→ **What is expected**
In the records below, reproduce exactly the lines from the one containing "火山形成過程及常見的火山類型(圖片來源:kotobank.jp)" through the one containing "ZC LeopardのAK用", both included, and omit the pictures.
======== Supplied material ========
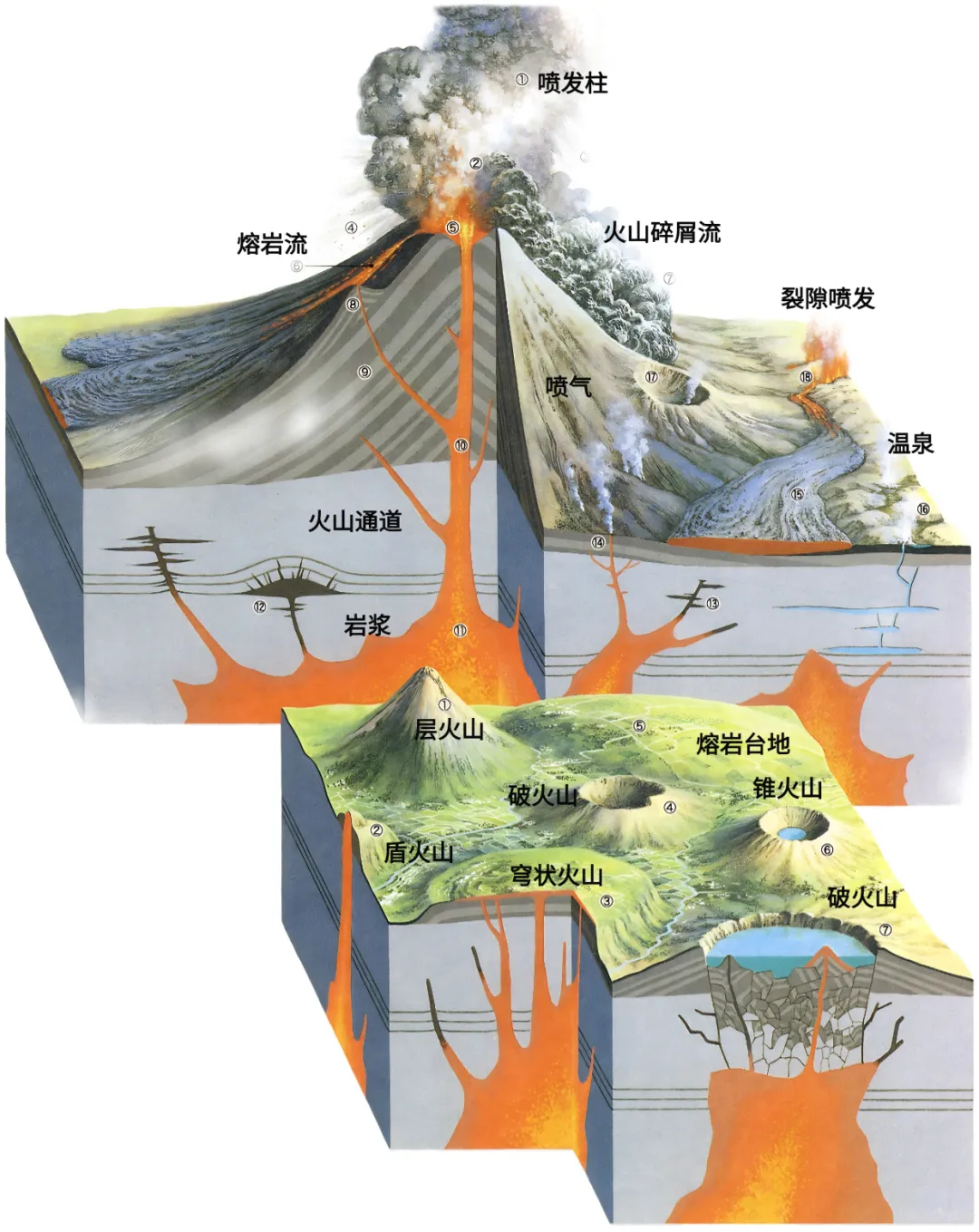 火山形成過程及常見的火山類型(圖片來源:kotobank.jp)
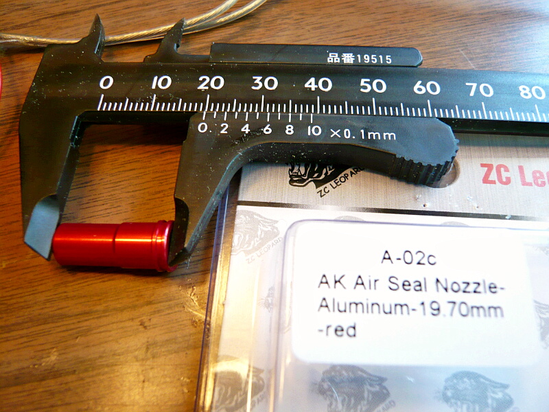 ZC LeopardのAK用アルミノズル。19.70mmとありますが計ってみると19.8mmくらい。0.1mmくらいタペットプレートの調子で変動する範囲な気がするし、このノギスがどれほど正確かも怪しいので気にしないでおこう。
========
======== Supplied material ========
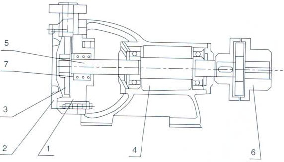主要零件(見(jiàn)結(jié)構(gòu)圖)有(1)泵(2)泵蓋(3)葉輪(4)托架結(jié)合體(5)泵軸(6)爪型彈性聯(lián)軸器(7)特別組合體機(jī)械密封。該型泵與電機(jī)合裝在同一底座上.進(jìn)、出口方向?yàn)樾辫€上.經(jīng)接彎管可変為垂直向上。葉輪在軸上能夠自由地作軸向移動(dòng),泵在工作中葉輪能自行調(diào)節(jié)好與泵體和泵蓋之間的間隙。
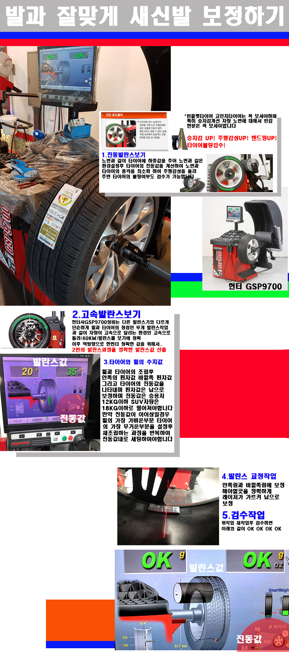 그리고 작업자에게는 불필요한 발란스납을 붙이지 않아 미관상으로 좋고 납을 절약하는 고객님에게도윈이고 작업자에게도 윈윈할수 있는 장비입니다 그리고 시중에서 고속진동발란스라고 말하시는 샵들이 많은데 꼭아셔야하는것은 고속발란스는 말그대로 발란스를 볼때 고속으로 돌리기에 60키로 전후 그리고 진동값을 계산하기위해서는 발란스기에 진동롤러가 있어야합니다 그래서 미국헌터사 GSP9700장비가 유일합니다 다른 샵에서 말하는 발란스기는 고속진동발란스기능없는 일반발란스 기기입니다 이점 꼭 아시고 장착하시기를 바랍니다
========
→ **Response to this exercise**
 火山形成過程及常見的火山類型(圖片來源:kotobank.jp)
 ZC LeopardのAK用アルミノズル。19.70mmとありますが計ってみると19.8mmくらい。0.1mmくらいタペットプレートの調子で変動する範囲な気がするし、このノギスがどれほど正確かも怪しいので気にしないでおこう。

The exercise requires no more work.